Most of the Spike protein exists externally to the virus, but it also has a transmembrane domain and a short cytoplasmic tail which is inside the cell. In examining why Spike acts in the manner it does, Sean’s group found that several proteins of the invaded cell bind to Spike’s short tail and direct it to the Golgi apparatus, then hold it there whilst new viruses are made. However, this mechanism isn’t as effective as the comparative one used by cellular proteins which stay in the Golgi, as some of the Spike proteins ‘leak’ through to the cell surface where they can direct fusion to neighbouring cells. Furthermore, the group found that once Spike reaches the cell surface, it does not recede back into the cell. This drew the group to the conclusion that the cytoplasmic tail of Spike is optimised to ensure that some of the Spike proteins escape the Golgi to make it to the surface where they can cause syncytia to form.
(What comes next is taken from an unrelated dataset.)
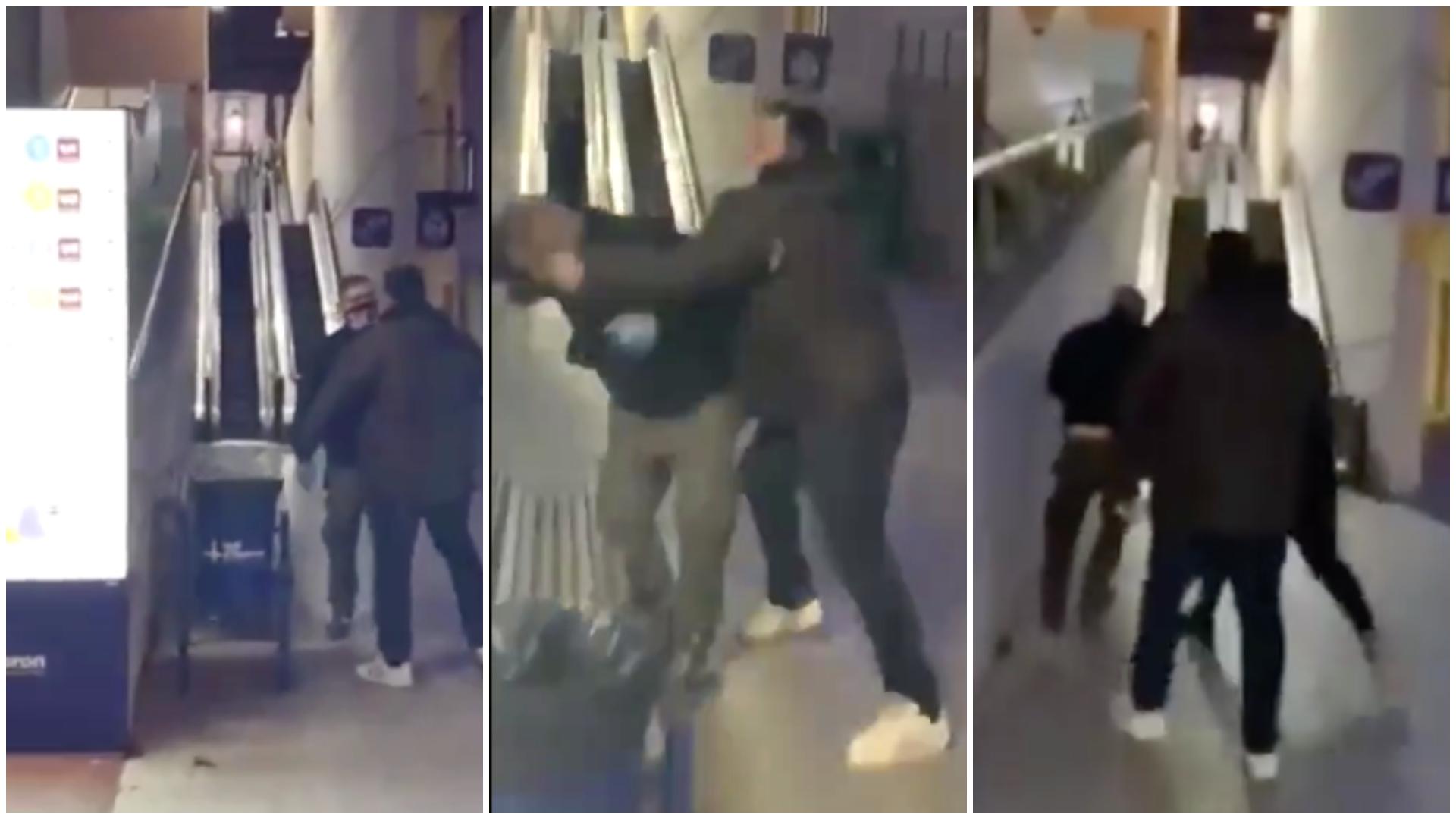 En una segona gravació s’observa com les bengales disparades, amb el seu característic fum vermell, acaben també a l’entrada de l’estadi.

In testing this, Lawrence Welch and Jérôme Cattin-Ortolà made a copy of the Spike tail in bacteria, and used it to identify binding proteins from cell lysates. Here they found several proteins usually used by the cell for moving its own membrane proteins between intracellular structures and delivering them to the cell surface. In mapping which parts of the tail bind to each protein, they discovered that a recognition motif within the Spike protein which is responsible for binding with a Golgi-retaining complex, possessed a suboptimal histidine residue which encourages premature detachment. This facilitates some Spike proteins to bypass the Golgi to reach the cell surface.
These findings represent a greater biological understanding of the SARS-CoV-2 virus. In highlighting the importance of syncytia to the infection, the study also suggests that small molecules which block syncytia formation could prove useful in restricting the spread and detrimental effects of the virus. Furthermore, all of the vaccines currently in use rely on expressing the whole Spike protein from mRNA or adenovirus vectors, and typically contain small mutations which block its ability to form syncytia. Therefore, it might be possible to further improve the efficacy of these vaccines by altering the cytoplasmic tail of Spike to modulate the amount that appears on the surface of cells.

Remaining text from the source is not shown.